De kinderrechter ziet geen aanleiding om een machtiging uithuisplaatsing te geven, alleen maar om te bekrachtigen wat al lange tijd feitelijk de situatie is: [minderjarige] heeft feitelijk hoofdverblijf bij de vader gekregen, staat ook ingeschreven op het adres van de vader, en bij de vader ligt het zwaartepunt van de opvoeding en ondersteuning van [minderjarige] . Het is niet meer nodig om deze feitelijke situatie nog met een machtiging uithuisplaatsing te bekrachtigen, wat er ook zij van het feit dat kennelijk ooit in het verleden het hoofdverblijf bij de moeder is bepaald. Het feitelijke hoofdverblijf van [minderjarige] ligt immers al geruime tijd bij de vader.  
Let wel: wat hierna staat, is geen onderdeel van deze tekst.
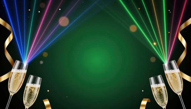 Celebrate New Year's Eve with toasting champagne glasses and fireworks, a joyous moment with confetti and the countdown clock striking midnight
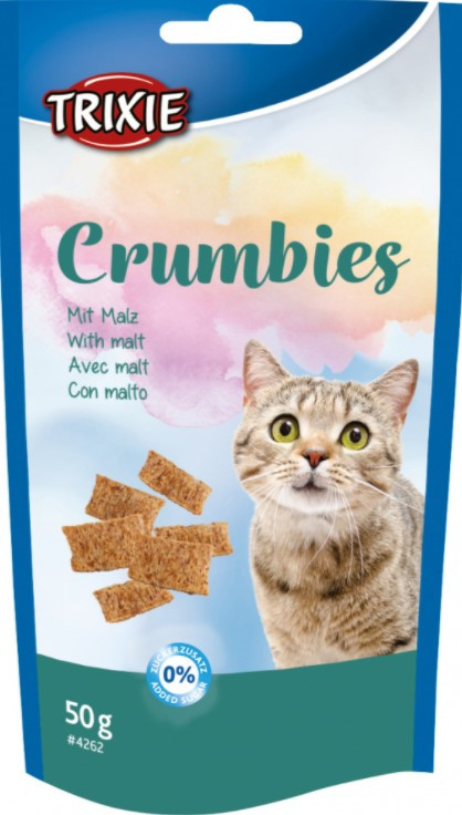 Trixie TX-4262 ласощі для кота Crumbies з солодом — хрусткі подушечки для котів із солодом сприяють природному виведенню шерсті з ШКТ. Гарантують гарне самопочуття кішки та регулюють обмін речовин

Voor zowel de gecertificeerde instelling als de vader is bovendien duidelijk dat de machtiging tot uithuisplaatsing niet meer wordt gebruikt om terug te werken naar het verblijf bij de moeder. Een verlenging van de machtiging tot uithuisplaatsing is dan ook daarom niet meer nodig. Uiteraard is het van belang dat [minderjarige] goed, onbelast contact met zijn moeder heeft, zo vaak als dat veilig en onbelastend mogelijk is.  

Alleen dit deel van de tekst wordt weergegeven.